A new health centre based in Whitecap Dakota First Nation will offer virtual care to remote and rural communities in Saskatchewan, and eventually across Canada, officials said Thursday. The $27-million virtual health hub will include teams of physicians, nurses and other health-care workers who can remotely assess patients in real-time in their home communities. The Saskatchewan Indian Institute of Technologies will help run the hub and train students to staff it.
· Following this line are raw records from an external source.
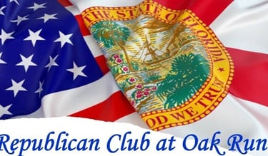 Welcome to the Oak Run Republican Club, where we share events and activities that bring our community together in support of Republican values and initiatives. The Club holds a monthly meeting where important local, state and national leaders and dignitaries often come to speak. At other times, we may focus on special services, issues and information that is important for our community. In addition, we will often have special events scheduled along with a monthly Movie Night. Our meetings are open to and welcome ALL. If you truly support our values and are a registered Republican, you should consider becoming a member. See below for membership information. Meetings are typically held at the Oak Run Palm Grove Club. Special event may at the Orchid Club. Be sure to check each Event for the appropriate location. Maps to both venues are found on our Contact Page.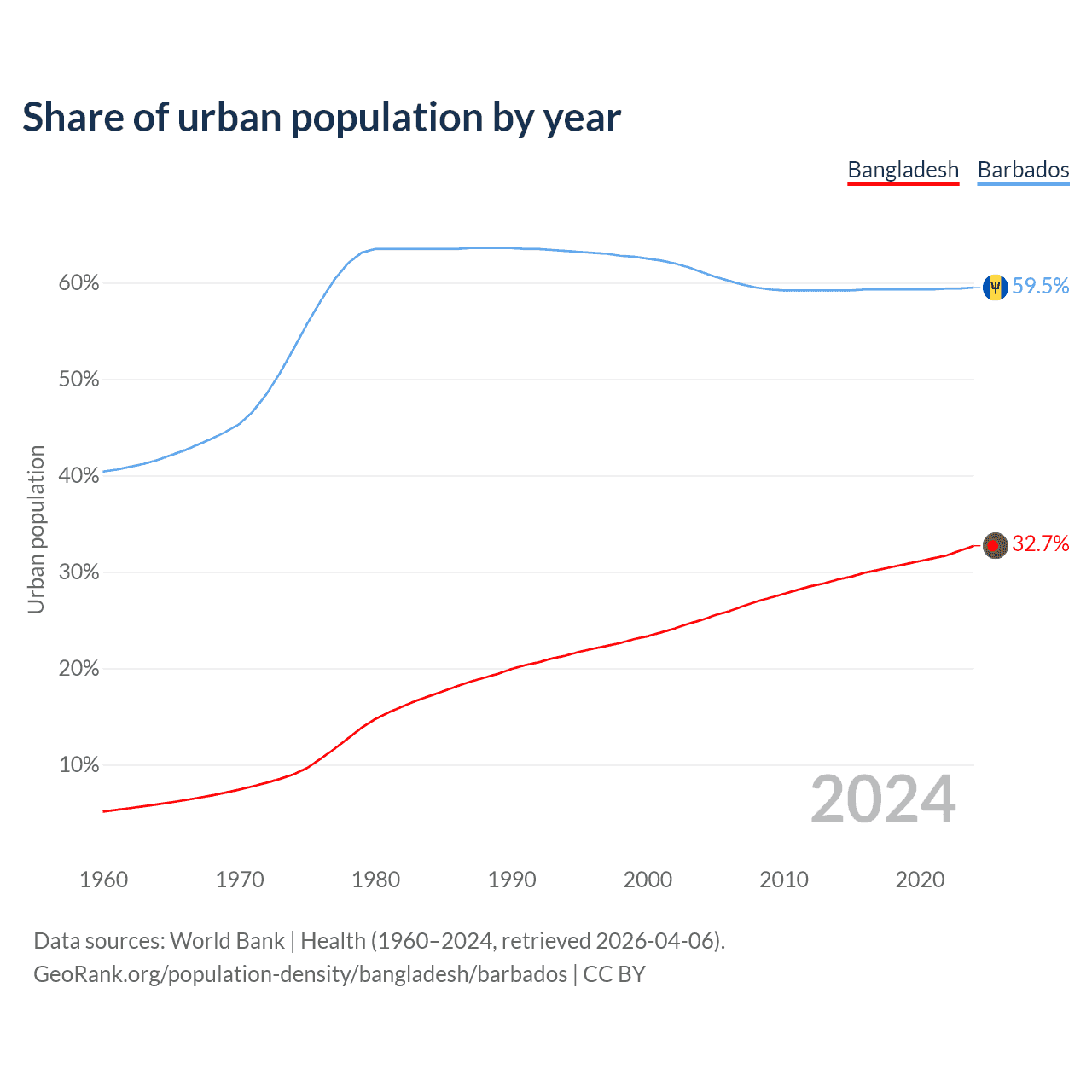 From 2004 to 2024, the share of urban population changed from 25% to 32.7% in Bangladesh and from 61.1% to 59.5% in Barbados.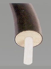 Ein Vertreter dieses Fernwärmerohrsystems ist z.B. das Flexwell-Fernheizkabel® (Bild 6.2.2.4-12) (Tabelle 6.2.2.4-5), dessen Zugfestigkeit bis 25 kN z.B. für Typ FHK 200/310 beträgt. Auf Grund dieser Eigenschaft eignet sich dieses Rohrsystem besonders für die direkte Erdverlegung mit Verfahren des grabenlosen Leitungsbaus nach dem Prinzip des Rohrvortriebes durch Einziehen.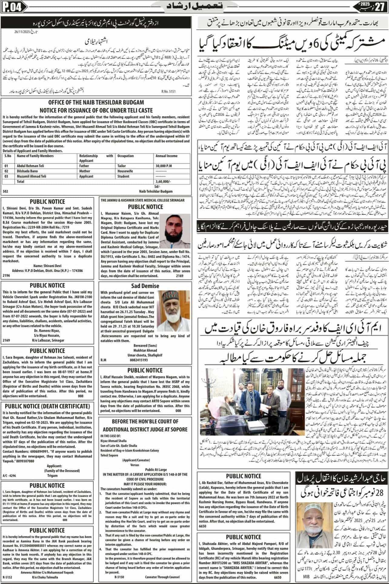 Tameel Irshad - Leading Urdu Newspaper Of Jammu & Kashmir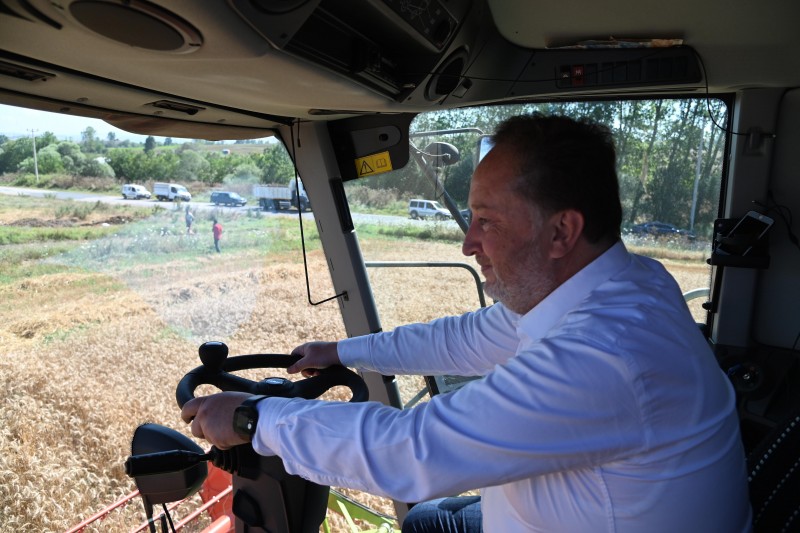 Karesi Belediyesi’nin Şamlı Mahallesi’nde bulunan buğday tarlaları hasat edilmeye başlandı. 62 dönümlük 2 arazide başlayan hasata katılan Karesi Belediye Başkanı Dinçer Orkan, “Hasat ettiğimiz buğdaylardan elde ettiğimiz unları ihtiyaç sahibi vatandaşlarımıza dağıtacağız” dedi.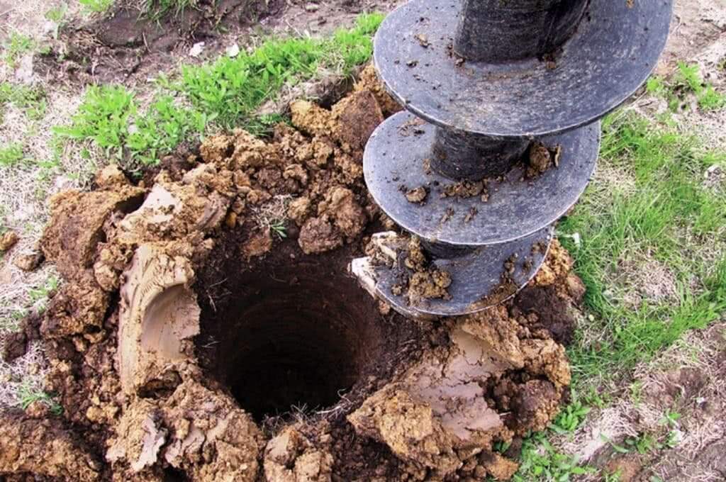 - С помощью электрического привода или мотоблока – и садового бура без горизонтальной ручки – выкопайте лунки для столбов на нужную глубину.
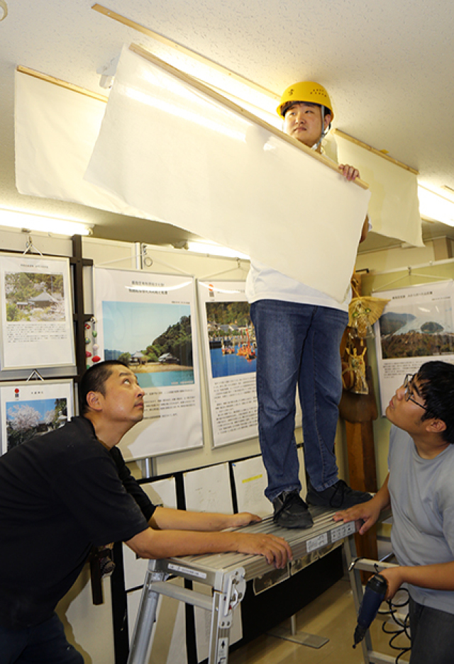 同館は日本遺産「荒波を越えた男たちの夢が紡いだ異空間―北前船寄港地・船主集落」に認定されている坂越地区に大正前期に建設された木造瓦葺き2階建てで、かつては銀行だった建物。現在は入館無料の資料館兼観光案内所として使われている。兵庫県の「景観形成重要建造物」にも指定されている同館をより利活用しようと、NPO「坂越のまち並みを創る会」(片山安忠会長)が関西福祉大学教育学部の金子美里ゼミと市などの協力で今年6月からリニューアルプロジェクトに取り組んできた。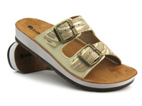 Skórzane klapki damskie na koturnie - Waldi 0887, złote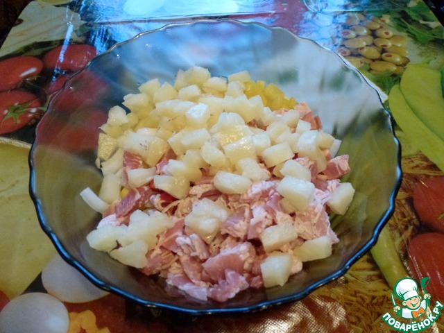 Добавляем нарезанные кусочками ананасы. Внимание! Они очень сочные, поэтому обязательно слейте жидкость, иначе салат "поплывет".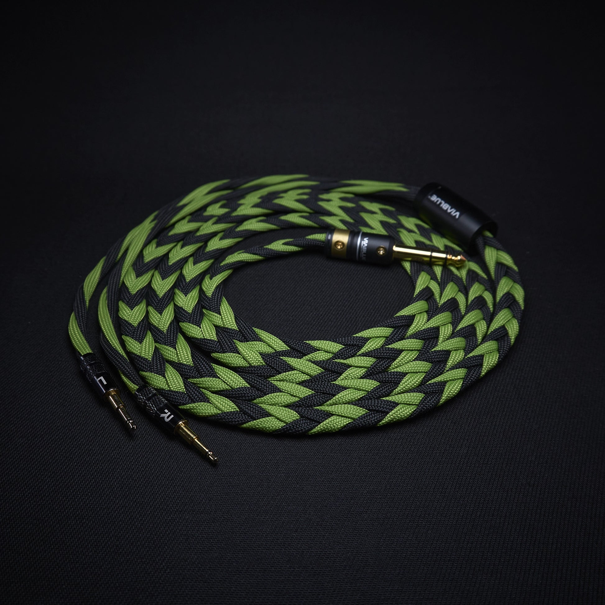 Braided custom cable for ZMF, connected to tube amps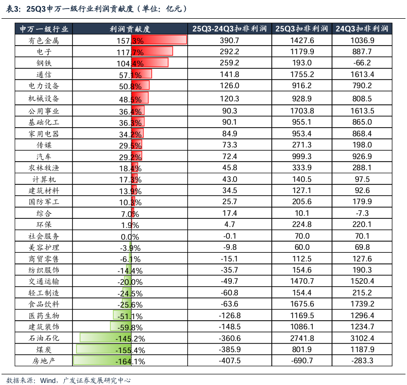 A股非金融整体盈利表现 - A股非金融25年三季报ROE(TTM)为6.56%,较25年中报的6.57%微降0.01个百分点,连续三个季度走平 [1][6][7] - 25年三季报累计营收同比增速为+0.31%,较中报的-0.56%转正,累计归母净利润同比增速为+1.65%,较中报的+0.89%提升 [4] - 25年第三季度非金融A股扣非利润同比增长1.2%,同比多增248亿元 [2] 杜邦分析拆解 - 销售利润率从25中报的4.09%提升至25三季报的4.12%,主因费用率回落 [6][7] - 资产周转率从25中报的58.04%下降至25三季报的57.87%,形成拖累 [6][7] - 毛利率从25一季报的17.64%微降至25三季报的17.54% [7] 宽基指数业绩比较 - 成长风格指数净利润增速改善显著,科创50指数净利润同比增速大幅回升16.4个百分点,创业50指数回升11.5个百分点,创业板指回升6.3个百分点 [1][9][10] - 大盘风格指数中,上证50净利润同比增速改善4.1个百分点,沪深300改善2.9个百分点 [1][9][10] - 小盘风格指数中,国证2000改善3.5个百分点,中证1000改善1.1个百分点 [1][9] 行业盈利贡献与表现 - 有色金属行业对25Q3利润贡献度最高,达157.3%,其扣非利润从24Q3的1036.9亿元增至25Q3的1427.6亿元 [2] - 电子行业利润贡献度为117.7%,钢铁行业为104.4%,通信行业为57.1%,电力设备为50.8% [2] - 房地产行业利润贡献度为-164.1%,煤炭行业为-155.4%,石油石化行业为-145.2%,对三季报业绩构成主要拖累 [2][11] 细分行业连续改善亮点 - TMT行业中,影视院线25年三季报盈利同比增速达111.0%,游戏为88.6%,软件开发为85.6% [12] - 中游制造领域,地面兵装盈利增速从25一季报的-109.5%大幅改善至三季报的38.6%,电池行业增速为34.4% [12] - 必需消费领域,动物保健盈利增速为97.9%,农产品加工为52.4% [12]

“The future is coming very quickly. We need not only to deploy the technology, we need to train individuals who will be using this technology,” said Dr. Ivar Mendez, director of the health hub, during a Thursday morning sod-turning ceremony at the construction site in Whitecap Dakota First Nation, about 30 kilometres south of Saskatoon. “In the end we will be able to provide more timely and effective health care, but also more cost-efficient health care. This is what the hub will be. It will be a model for the whole country.”
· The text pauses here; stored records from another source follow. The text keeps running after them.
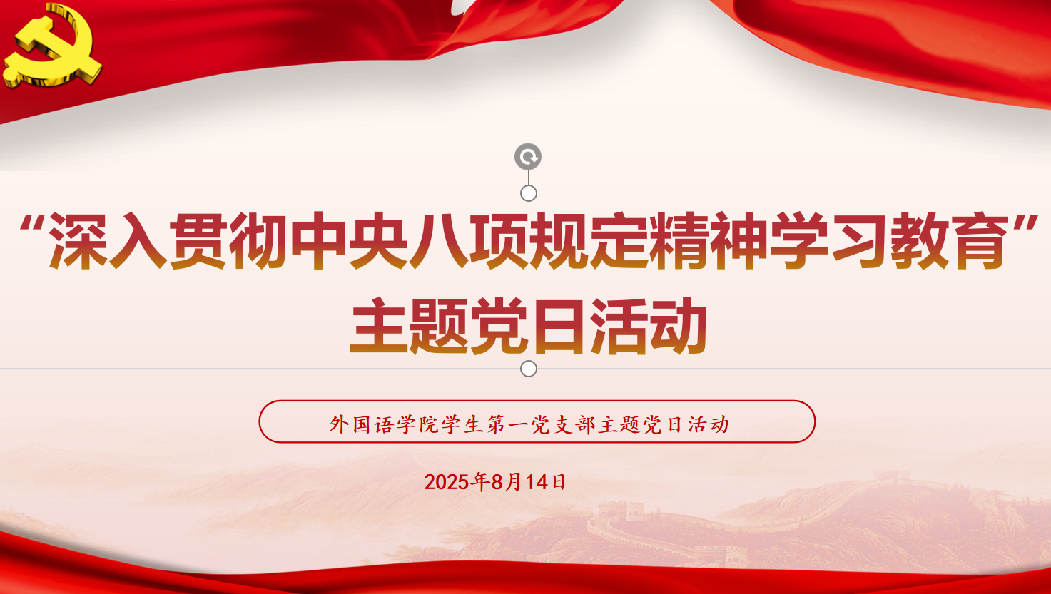 为扎实推进深入贯彻中央八项规定精神学习教育,进一步强化纪律作风建设,suncitygroup太阳新城学生第一党支部于8月14日晚20:00在腾讯会议线上集中开展主题为“深入贯彻中央八项规定精神学习教育”的主题党日活动,支部全体党员参加本次线上党日活动,王胤凯同志担任本次党日活动主讲人。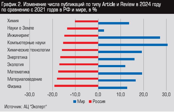 Негативная публикационная динамика отразилась на всех предметных областях (график 2). В срезе статей Article и Review особенно сильное падение переживают Физика (19%) и Материаловедение (18%). Стоит отметить, что среди 10 инженерных областей минимальное снижение демонстрирует Химия (10%).
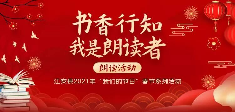 为进一步推动江安县“书香江安 悦读橙乡”全民阅读品牌建设,在全县形成爱读书、读好书、善读书的浓厚氛围,为节日增添一抹书香气息。由江安县委宣传部、县全民阅读活动指导委员会办公室主办的“书香行知·我是朗读者”朗读活动正式开启。活动设网络人气奖和最佳朗读奖,奖项分为荣誉证书+奖金。进入“江安发布”公众号,在公众号内菜单栏 “春节活动”中点击“我是朗读者”,选取朗诵文章和配乐进行创作,上传作品。快来参与吧!◆详情请点击

Reduced travel and more immediate access to health care will improve health outcomes in under-served areas, said Whitecap Dakota First Nation Chief Darcy Bear. “Right now, in northern communities, when a First Nations woman has to get an ultrasound, they have to fly into Saskatoon and it takes three days,” Bear said. “And they can’t even bring their partner. Their partner can’t enjoy that moment with them.” Instead, a health-care worker at the hub could remotely operate a robot in a nursing station in a remote community to perform that ultrasound.